Thankful for Suf
Ambassador Donald Tietelbaum invited the Peace Corps Volunteers to his house for Thanksgiving. He did this last year too and it was a good time, so I was excited to go. It’s always nice to re-connect with people you haven’t seen in a while. It’s also always good to eat turkey and mashed potatoes.
I took an early bus from Tamale to Accra. I was sitting at the station, patiently waiting for the bus to load, when I heard someone say “Kim?”
I looked up to see a man staring at me intently. He looked very familiar, but I couldn’t place him. Then he started greeting me in Dagboni, and I suddenly realized that it was Suf. Suf was my language trainer. I haven’t seen him since training ended more than a year ago. We chatted for a while, and I asked him if he would like some bofrut, because I was getting hungry. He said yes, and I wandered off to get bofrut. I started talking to the woman who was selling the bofrut in Dagboni. She asked my name. I told her, and she didn’t understand, because I still can’t pronounce my Dagboni name. She got it after a few attempts, and I went back to sit down by Suf.
I sighed and complained that I couldn’t pronounce my Dagboni name, and he asked what it was. “Patience,” I said.
He started breaking it down syllable by syllable, and I wasn’t getting it. “I’m pretty sure this is a lost cause, Suf” I said.
“They shouldn’t have given you a name you can’t pronounce,” he said as we boarded the bus.
I didn’t notice it at first, but a few weeks later I was on one of my evening walks and someone asked my name. I told her, and she understood the first time. Then I realized that this had happened a few times. Actually, it’s happened every time since- I can finally actually pronounce my own (Dagboni) name! I’m thankful to Suf for taking the time to show me how.
Fire Festival
“You need to learn how to prepare our food,” Achiri told me on the day of Fire Festival. We caught two of my chickens and slaughtered them. I did most of the work on one of them myself, which made me proud. We made a broth with the chicken, adobo seasoning, and salt. Achiri made a face at my salt shaker, so I removed the top, and he added a good inch or so out of the bottle. When the chicken was cooked, we removed it and added a package of dried ochra and let it simmer. He went and got fufu from his house, and I ate.
I changed into some trousers and my running shoes and went to Achiri’s house. Some men there talked to me about Fire Festival. One man said that it started because someone’s boy was lost at night, and they needed fire to be able to find him. I’ve also heard people say it was to cleanse the land. I think it depends who you ask.
The festival starts at the chief’s house. Achiri and I were there pretty early, and there were about 20 other adults there. There were also about 300 kids with painted faces carrying torches, which were unlit so far.

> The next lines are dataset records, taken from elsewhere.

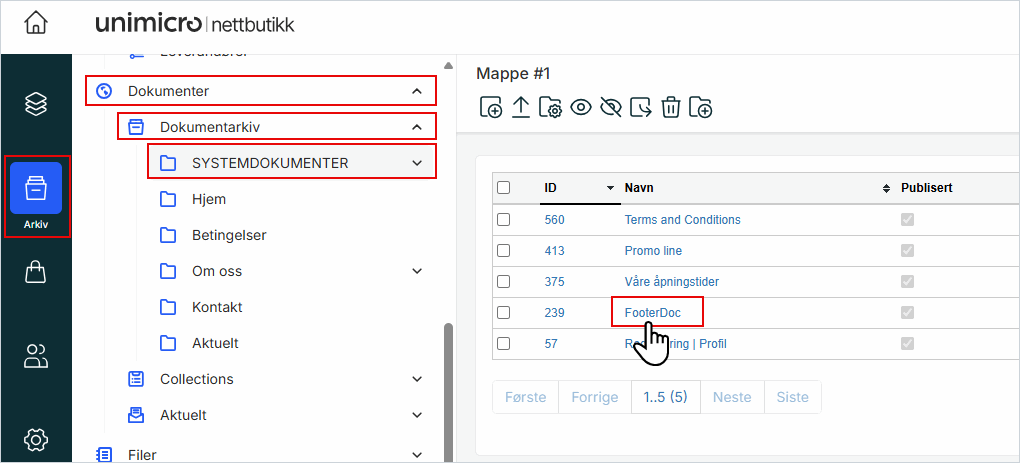 2. Klikk på Dokumenter → Dokumentarkiv → Systemdokumenter
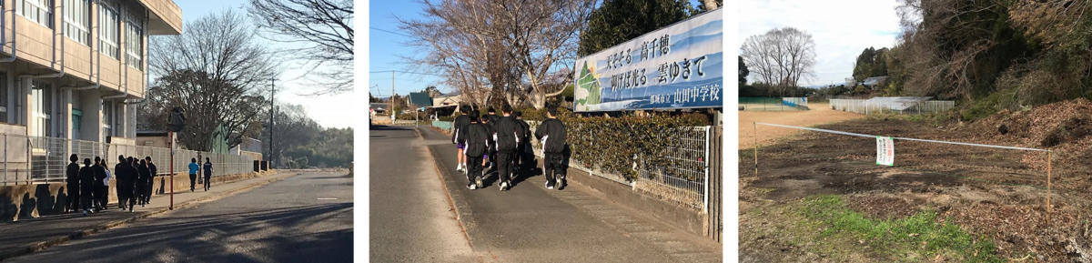 部活動開始前、正門付近に目線を向けると、植え込みに人影が見えます。正門の外に出てみると、女子バレーボール部の生徒たちが、登校した順に竹箒を持って落ち葉を集めていました。おかげで、正門周辺と学校の前の歩道が正月準備をした時と同じぐらいきれいになっていました。初練習よりも前に、学校をきれいにしてくれてありがとう。※写真中・右
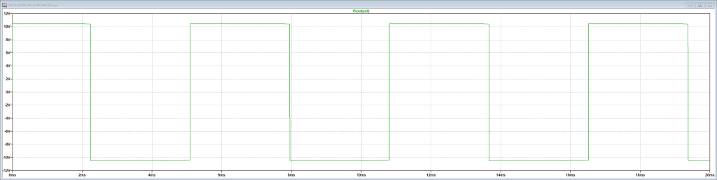 El problema sigue apareciendo. ¡Ya está! El problema tiene que estar en R que es demasiado baja, y la carga del condensador influye en la salida. Cambio R por 10K y obtengo la siguiente salida:
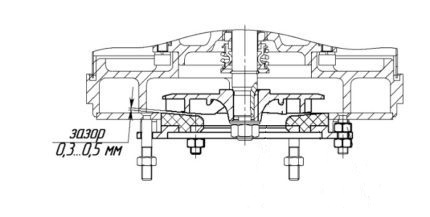 Dévissez ensuite les écrous inférieurs d'un demi-tour. Avec cet ajustement, l'écart sera de 0,3-0,5 mm. L'emplacement réglé du diaphragme par rapport à la roue est fixé par les écrous supérieurs. Après avoir terminé le réglage, il est nécessaire de vérifier la facilité de rotation de la roue, elle doit tourner sans appliquer de force.
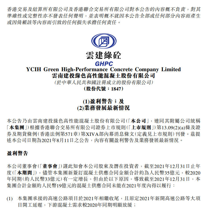 截至2021年12月31日止年度,盡管集團(tuán)新簽訂混凝土供應(yīng)合同金額合計(jì)約為人民幣35億元,較2020年同期(約人民幣33億元)有一定增長,但由于以下原因,導(dǎo)致截至2021年12月31日,集團(tuán)合計(jì)金額約人民幣19億元的混凝土供應(yīng)合同未能在2021年度內(nèi)得以履行:集團(tuán)承接的高速公路項(xiàng)目于2021年相繼收尾,且原定2021年新開高速公路等大項(xiàng)目開工延遲,下游混凝土需求較2020年同期明顯放緩。
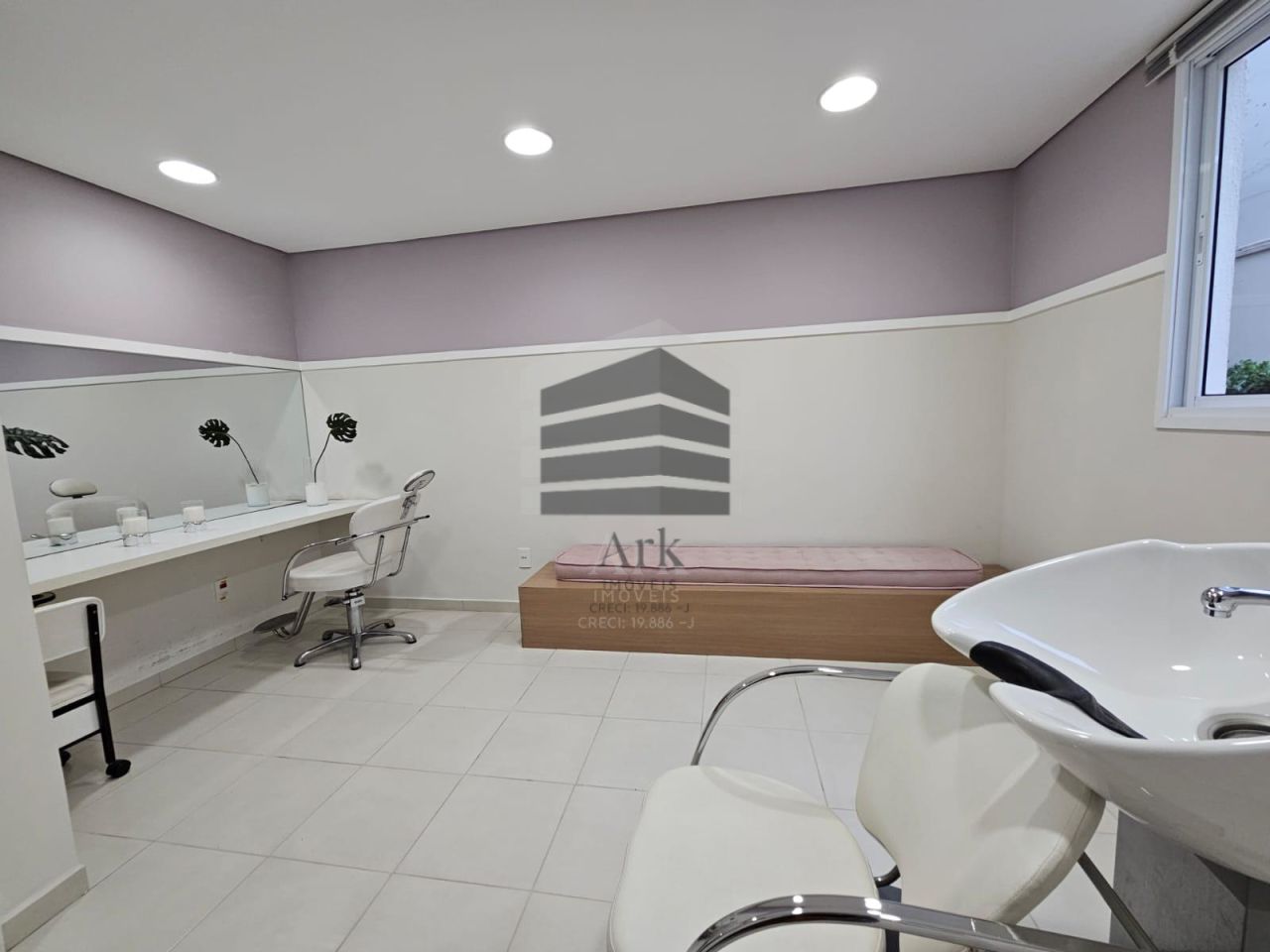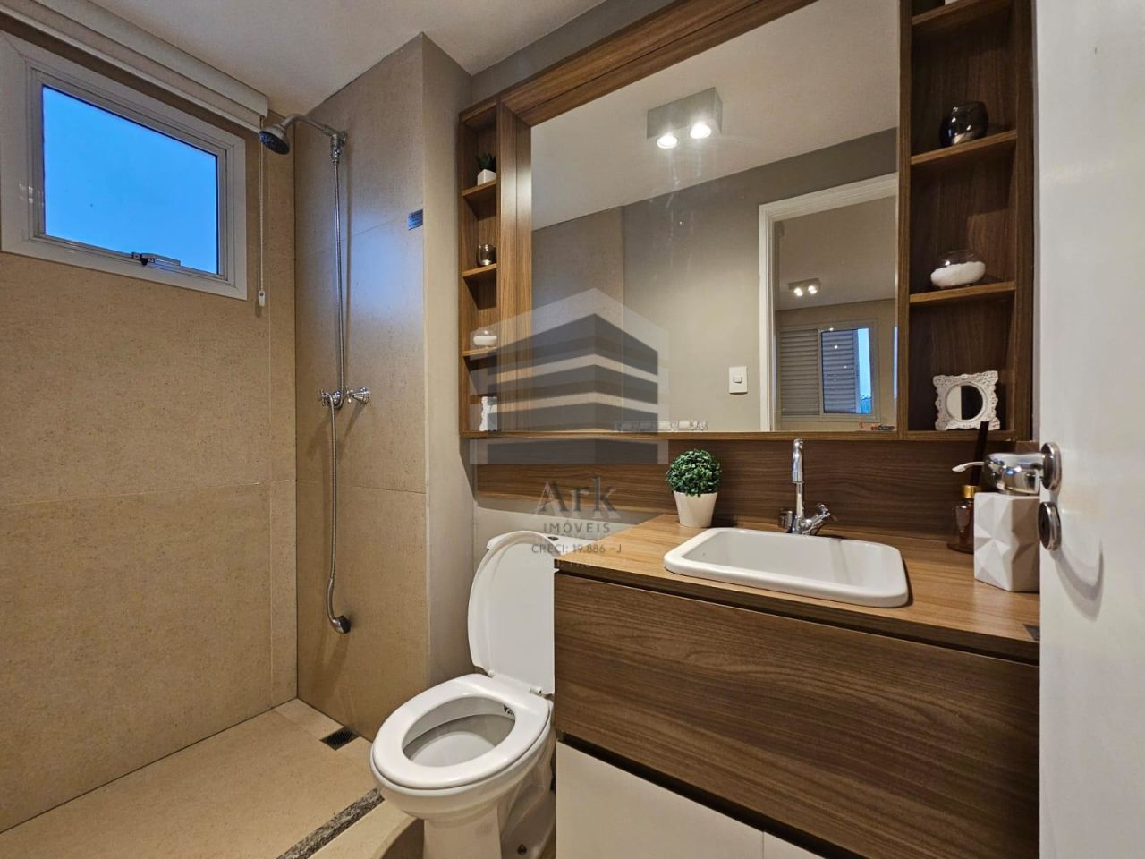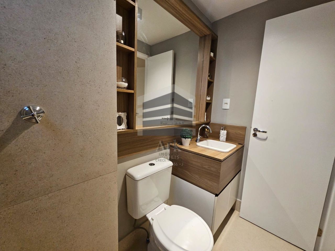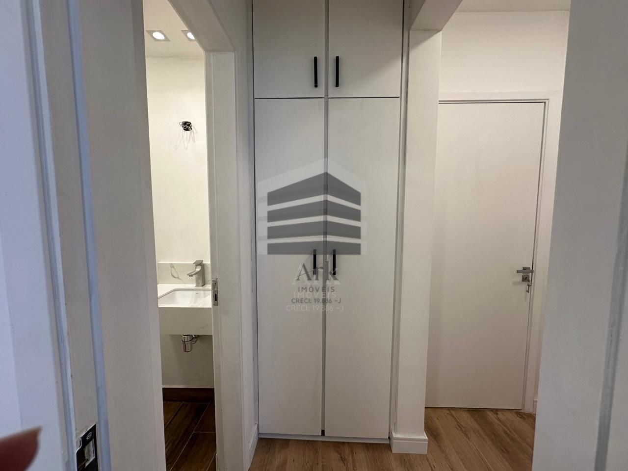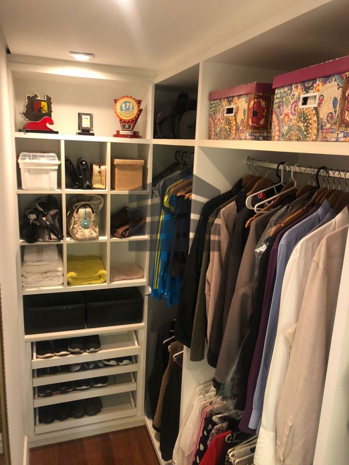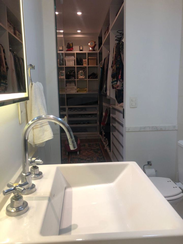 Espaços amplos e diversos armários planejados, além de um lavabo.
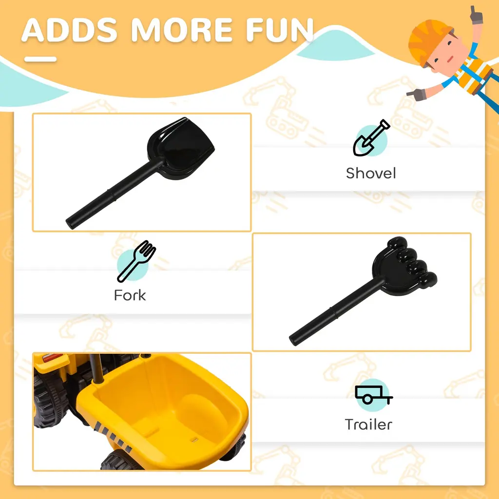 Kids Ride-On Caterpillar Excavator With Functional Shovel, Trailer, And Fun Sound Features - Yellow - Yellow
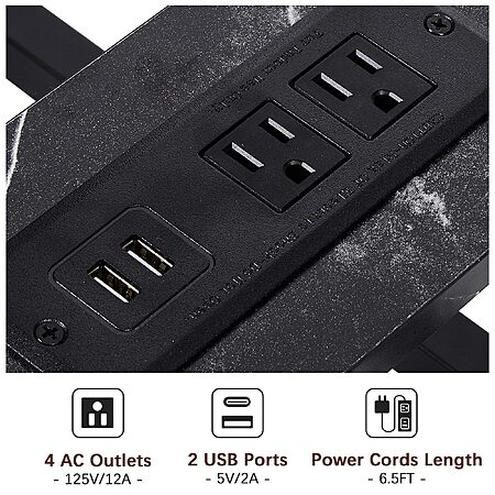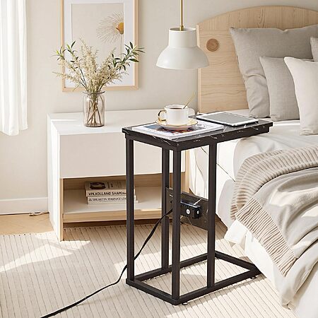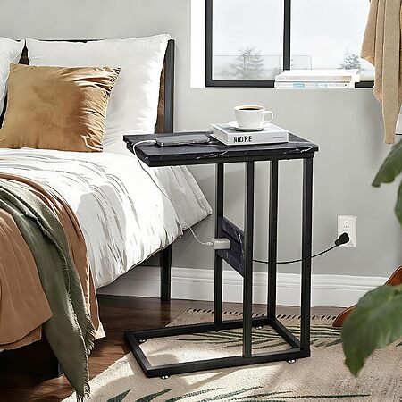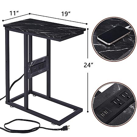 - Up-grade Power Outlets & charge Station; This c shaped end table is equipped with 2 x USB Ports & 2 x 3-Prong Power Outlets,which could charge 4 devices simultaneously. 6.5 ft power supply cord also provides great convenience, open frame design could avoid overheating electronics and provides ease of access for cables.

The kids were fighting. Achiri pointed his flashlight on a particularly violent kid. “Hey, you! You!” he said in Dagbani, stopping the fight. I tried to imagine a group of 300 painted children with torches that would soon be lit and only 20 adults for supervision marching through Salt Lake and laughed out loud. Marching is the wrong word, but I don’t know the right one. Scampering, maybe?
The chief finally came out, and the linguist lit the chief’s torch. Everyone else lit their torches from the chief’s torch. By now, there were many more adults and several drummers. Everyone started dancing with their torches, fanning out into the bush. At the end, everyone throws their torches into a tree, so it looks like a giant column of flame. Then people take some branches and move to various houses.
A concoction is made with the tree branches and water, which is thrown over the participants. It is supposed to make you invincible. It’s warm and it feels really good when you get a chest full of it.
Then everyone dances, carrying tree branches and cutlasses. It’s hard to see because there’s a lot of dust in the air. It’s hard to hear because of the drumming and the guns going off in the background. We headed back to my house and realized that another village (my village is really 3 villages smashed together) was still going, so we joined in similar festivities there.
Afterwards, I went home and ate a leftover piece of chicken and took a bucket bath to rinse off all the dust. I was told that the women will collect the branches used in the dancing and prepare bath water for their children. It is supposed to protect the children.
The next day, people go around and greet their fathers, uncles, and grandparents. The relatives are supposed to give the children meat, and sometimes chickens. I am still waiting on a chicken from my family.
Achiri and I went to greet the chiefs, and I got to eat kola nut (I can’t seem to get away from it). A man with a silver beard said that I was his grandmother and that I should give him a hen. Achiri and I laughed. Later we went to market.